In the Beginning
There were Youth Aid Officers, like myself, who were unable to help at-risk youth until they had committed an offence. We were the ill-equipped ambulance at the bottom of the cliff after these kids had sky-dived off it. The more often they hit the bottom, the more damaged they became and the more committed to pursuing a life of crime. At the same time it became clear to me that most of these sky-divers were from a small number of families that the system dealt with over and over again.
We launched the Community Approach Programme to combat this problem in 1993… over time we have revolutionised the way at-risk youth have been dealt with. We decided to concentrate on those few families and the social, health and educational factors that contributed to their dysfunction.
I joined the Police to make a difference and since 1993 I can honestly say I feel that I am. So often in the Police you deal with the aftermath but in this role I get so much satisfaction out of preventing the tragedies and helping these families to truly “break the cycle”.
It’s incredibly rewarding to know we’ve saved so many people from becoming victims and stopped so many kids from sky-diving again and again over that cliff. A Special thanks to all the dedicated staff who are ‘unsung heroes’ of Community Approach.

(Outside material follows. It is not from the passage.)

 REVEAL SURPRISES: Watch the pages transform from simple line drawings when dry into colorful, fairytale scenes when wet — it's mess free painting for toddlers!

What is Community Approach?
The thrust of Community Approach is to assist families to lay down a new foundation on which they can build a positive future. That’s because the old adage “problems all start in the home” is so true. These families are identified by Police Youth Aid. They have a child who has committed multiple crimes and often have more than one offender per family. Once the at-risk family has been referred, Community Approach staff identify the issues that entangle the family in the crime cycle.
These staff include Social Workers, a navigator, youth workers and mentors. We use a co-ordinated approach utilising government and community agencies and together we methodically address the problems the families are encountering.

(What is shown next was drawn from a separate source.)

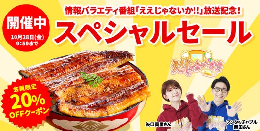 【大五蒲焼20%オフ!】情報バラエティ番組「ええじゃないか!!」放送記念セール開催中!10月28日(月)AM9:59まで

Unfortunately we can’t count the crimes the programme has prevented, the young people it has kept out of prison or the lives that have been changed for the better. But when it works… who’s counting?

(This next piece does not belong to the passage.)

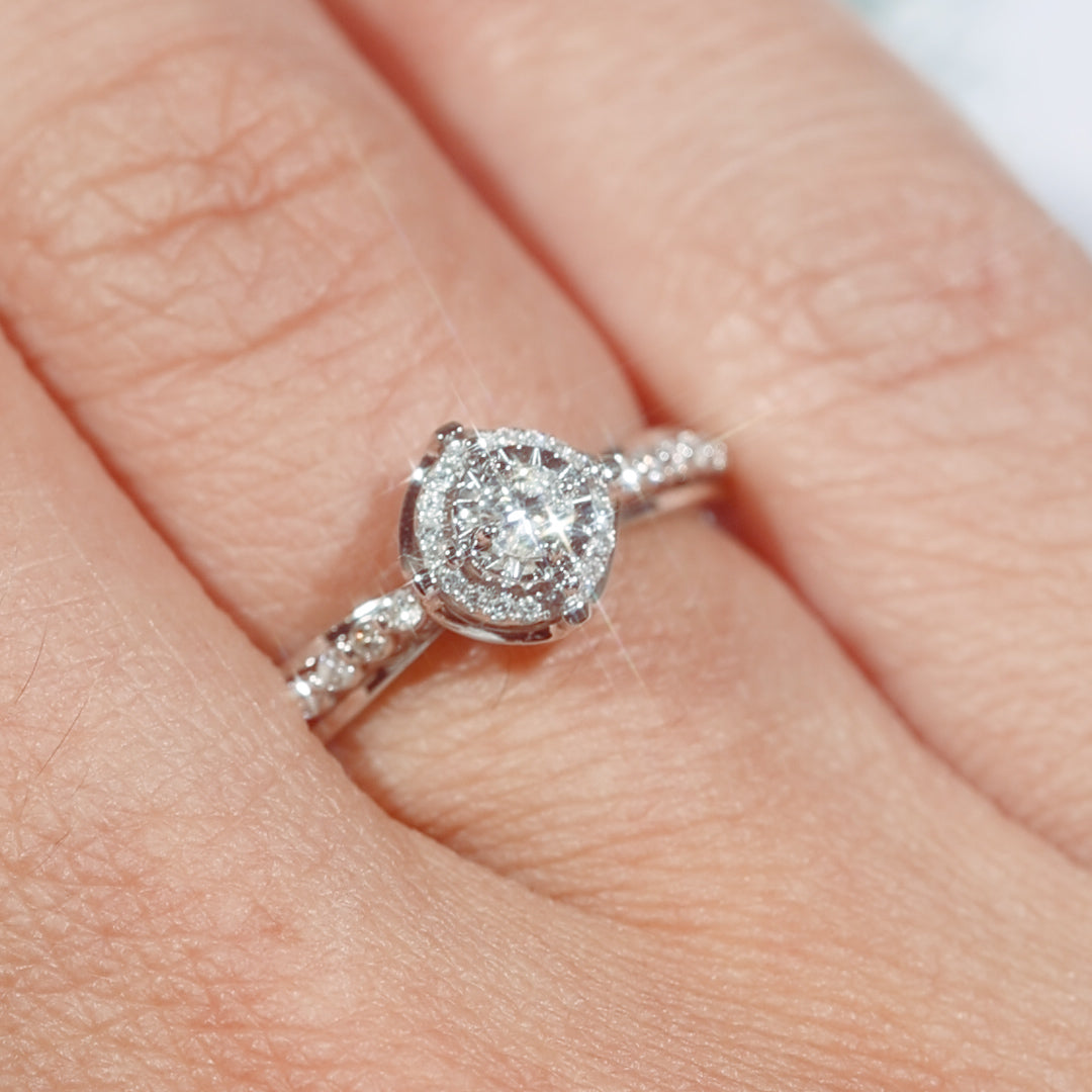 Delicately crafted in 18K gold, the Lumière ring features a brilliant 0.27ct total diamond weight set in a pavé halo design. At its heart, a cluster of natural round brilliant diamonds is expertly arranged to create the illusion of a singular radiant centre — encircled by a fine diamond band that catches the light with every gesture.

The families are carefully case managed and constantly monitored. One of the contributing factors to our success is the low ratio of families per worker, which in turn allows the worker to spend quality time with each family. “We believe in doing a lot with a little rather than a little with a lot”.
“This programme is a fine example of the police and community working together to promote change for a number of families who, without this intervention, would be very likely subjected to a lifetime of poverty, failure and crime.” Jill Worrall MSW,
Massey University Evaluation 2001
Board of Trustees
What makes the Mt Roskill Community Approach unique is that we’re administered by an independent Community Trust. We believe this is why we’re so successful… it’s not just the Police that has a vested interest in making Community Approach work, it’s the people of the community as well.
The Charitable Trust oversees the running of the whole operation including helping us to source the extra money we need to continue operating. The NZ Police provides most of our annual funding… we have to find the remaining shortfall of 40%. The Trustees bring valuable skills and experiences that help us find the money we need, they also have a compassionate attitude towards the people we help.
That’s what makes this Trust so different. Before any decision is made we ask, “is this going to benefit the families we serve?”
Together we continue to achieve our objective, which is to “Reduce Youth Crime”.
CHAIR PERSON: Peter Muys
SECRETARY: Leanne Dunning
TRUSTEES: Dr Susan Autagavaia, Andrew Brown, Stephen Bell MNZM.